Vom Yanagisawa A-WO10 hatten wir viel Gutes gelesen. Vor allem interessierten uns die Besonderheiten, die es von den meisten Konkurrenten und insbesondere auch vom günstigeren Modell A-WO1 abheben, wie die Verbindung zwischen Cis und B, die doppelten Ärmchen an der C und B-Klappe sowie der Hals mit Underslung Octave Key Mechanism.
Das Positive vorweg: Das Instrument scheint wirklich tadellos verarbeitet, geschweisst und lackiert zu sein, sicher sauberer als unsere Startone-Hörner und vergleichbar mit dem YTS-62. Die Mechanik ist sehr leichtgängig, die Tasten liegen etwas näher zusammen als bei anderen Instrumenten und passen damit sehr gut in unsere eher kleinen Hände, insbesondere die Pinky Keys liegen perfekt unter den Fingern und sind leicht zu drücken. Ergonomisch ist das Saxophon für uns sehr angenehm zu spielen.
Nicht zufrieden sind wir indessen mit den Klangeigenschaften. Dies beginnt bei einem deutlich höheren Blaswiderstand, als wir es von unseren Startone-Instrumenten gewöhnt sind. Damit hängt vermutlich zusammen, das der Sound sehr neutral, zentriert und trocken rüberkommt, also wenig Spielraum für Modulation lässt. Für Klassik mag dies vielleicht erwünscht sein, für Jazz, Rock, Pop oder Funk scheint es uns hingegen eher hinderlich. Jedes Mal, wenn ich vom Yani zurück auf das Startone wechsle, fühle ich mich musikalisch richtig befreit, das Instrument lädt zum Schreien und Flüstern ein und weckt in mir die Spielfreude, wohingegen sich das Spielen auf dem Yanagisawa fast nach einer Pflichtübung anfühlt.

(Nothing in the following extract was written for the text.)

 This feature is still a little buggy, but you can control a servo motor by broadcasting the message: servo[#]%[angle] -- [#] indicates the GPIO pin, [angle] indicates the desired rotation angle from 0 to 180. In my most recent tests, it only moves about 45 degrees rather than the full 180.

Die Intonation ist zwar beim oft problematischen mittleren Cis etwas besser als bei unserem Startone, dafür ist auf dem Yanigasawa der Übergang über die Oktavklappe zum mittleren D zu hoch und das mittlere A klingt "tot", also matter und dumpfer bzw. gequälter als die umliegenden Töne.

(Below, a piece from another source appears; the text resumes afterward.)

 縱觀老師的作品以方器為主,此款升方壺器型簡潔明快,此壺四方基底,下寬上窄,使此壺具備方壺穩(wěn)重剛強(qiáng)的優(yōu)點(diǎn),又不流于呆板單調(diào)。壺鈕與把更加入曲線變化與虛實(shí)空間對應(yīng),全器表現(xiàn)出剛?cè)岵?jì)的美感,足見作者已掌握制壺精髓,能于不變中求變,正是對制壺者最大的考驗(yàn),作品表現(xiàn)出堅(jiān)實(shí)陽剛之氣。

Wir haben verschiedene Mundstücke ausprobiert, die uns bei unserem Startone alle gut gefallen, beim Yanagisawa hingegen seltsam leblos klingen und teilweise schwer anzuhören sind. Nicht zuletzt kommt uns das mitgelieferte Yanagisawa-Mundstück klanglich abgestumpft vor. Mit unserem USA Meyer 7J Jazz Metal - sonst unser Lieblingsmundstück - geht die Intonation in alle Richtungen. Das beste Resultat für unseren Geschmack erzielt demgegenüber ein USA Meyer New York Alto Sax 6M, das dem Yani etwas Leben einhaucht.

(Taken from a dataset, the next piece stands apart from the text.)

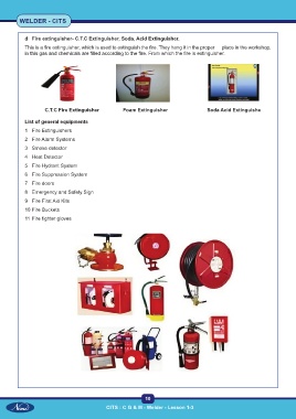 d Fire extinguisher- C.T.C Extinguisher, Soda, Acid Extinguisher.
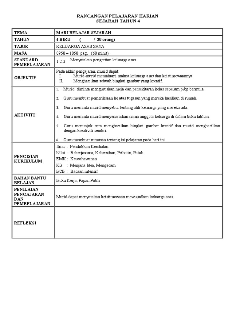 Rph Sejarah Tahun 4

Abschliessend sei erwähnt, dass uns auch der mitgelieferte Koffer nicht zusagt. Ausreichend geschützt würde das Instrument doch auch durch ein leichteres und handlicheres Case. Ebenfalls unbefriedigend empfinden wir die spärlichen Accessoires; in diesem Preissegment könnte man vielleicht schon Durchziehwischer und einen anständigen Gurt mit Polster und Distanzhalter beilegen (bei unserem war das aufgeleimte Yanagisawa-Signet bei der Ankunft abgefallen).
Diese Schilderungen beruhen natürlich auf unseren subjektiven Eindrücken und limitierten Vergleichsmöglichkeiten. Uns ist bewusst, dass das Yanagisawa A-WO10 für viele Saxophonistinnen und Saxophonisten ein Traum darstellt. Für uns passt es hingegen - abgesehen von der Ergonomie - nicht so richtig; leider will keine richtige Spielfreude aufkommen. Zumindest in unserem Fall erwies sich teurer also nicht unbedingt als "besser".